FIG. 2 b shows an alternative to the progress illustrated in FIG. 2 a, wherein the conversion server 103 transmits progress information to the requesting client computer 101 in a step 203 b after receiving the request in step 203 and before requesting the web page in step 204.
Turning now to FIG. 3, an exemplary user interface 300 of a web browser running on the client computer 101 is shown. The user interface includes a number of controls that are well known in the art and that for the sake of brevity will not be discussed, including such elements as toolbar buttons and menus. In addition the user interface may include an address field 301 wherein the address, or URL, of a web site may be entered. When such a URL is entered, the web browser may cause a HTTP request to be sent to the server defined as part of the URL, requesting the relevant resource, as explained above.
When a resource such as a web page has been received by the web browser in response to a HTTP request, the web page may be displayed in a web browser window 302. An exemplary web page is illustrated in FIG. 3, including a number of elements that have been included by a web designer or author. A first element may be a headline 303, followed by an introduction 304 and body text 305. Additional elements may include an image 306 and a banner advertisement 307. Images and advertisements may be static images or animated or interactive elements.
Consistent with embodiments of the invention, the example in FIG. 3 includes three conversion links included by the web page author. Each conversion link may represent one type of conversion. For example, a link labeled “print” 308 may represent a print conversion, and a link labeled “summary” may represent a summary conversion 309. A third link may represent a conversion to a well known file format known as Portable Document Format, but most often referred to as PDF.
When a user wants to perform a web page conversion, he/she follows the link by clicking on it using an input device such as a mouse, which may be represented on the display as a mouse pointer 311. As a result, a normal HTTP request is sent to a conversion server identified by the link. The conversion server looks at the ‘Referer’ header in the HTTP request to determine the URL of the web page that the user wants to convert. The conversion server fetches this web page (including text, images and other resources) through the HTTP protocol, converts it according to the type of conversion, and returns the converted page as a response to the initial HTTP request. While the user waits for the conversion to take place, he/she may be shown progress information (e.g. a progress bar or advertising). The converted page can be in a different format from the originating web page. For example, the originating web page can be an HTML page, and the returned page can be a PDF document, a WML page, or a JPEG image.

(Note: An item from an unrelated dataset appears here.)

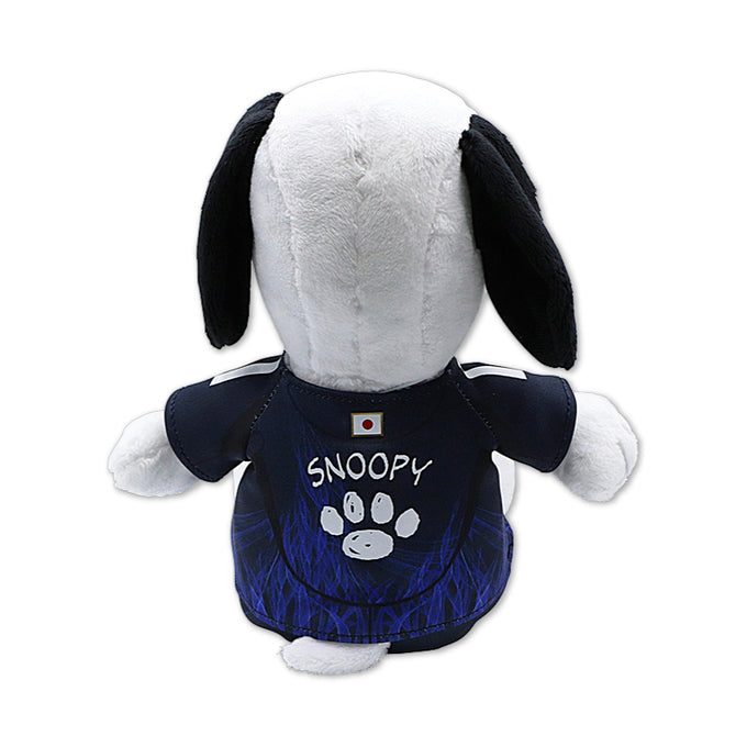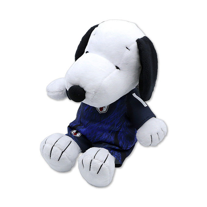 サッカー日本代表のホームユニフォームを着たスヌーピーのぬいぐるみです。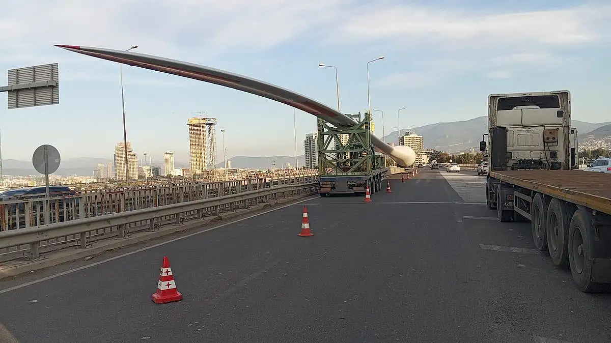 Kayseri Büyükşehir Belediyesi Ulaşım A.Ş.’nin Türkiye’nin toplu ulaşım sektöründeki ilk rüzgâr enerji santrali (RES) projesinde çalışmalar hızla ilerliyor. Türbinlere ait kanatlar, İzmir Alsancak Limanı’ndan Kayseri’ye doğru yola çıktı.

An example of HTML code that may represent the three links illustrated in FIG. 3 may read in part as follows:
|<a href=“http://www.conversionserver.com/print.cgi”>Print</a> |
|<a href=“http://www.conversionserver.com/summary.cgi”>Summary</a> |
|<a href=“http://www.conversionserver.com/pdf.cgi”>PDF</a> |
where print.cgi, summary.cgi and pdf.cgi may refer to three different conversion programs residing on the server referenced by www.conversionserver.com. According to an example consistent with embodiments of the invention, the first program, print.cgi, may convert HTML documents and embedded content such as images to a format suitable for printing, for example encapsulated post script, or EPS. Optionally, the program may remove information that is not relevant to a version printed on paper, such as the conversion links 308
The second program, summary.cgi, may take only the HTML document itself as input, ignoring images and banners, and removing such information as body text and links, e.g. based on HTML tags. According to such an example a summary of the web page illustrated in FIG. 3 would retain only the headline 303 and the introduction 304.
The third program, identified as pdf.cgi, may convert the web page to a PDF file. Again the conversion program may remove irrelevant information, such as the conversion links and the banner ad, while text and images are retained.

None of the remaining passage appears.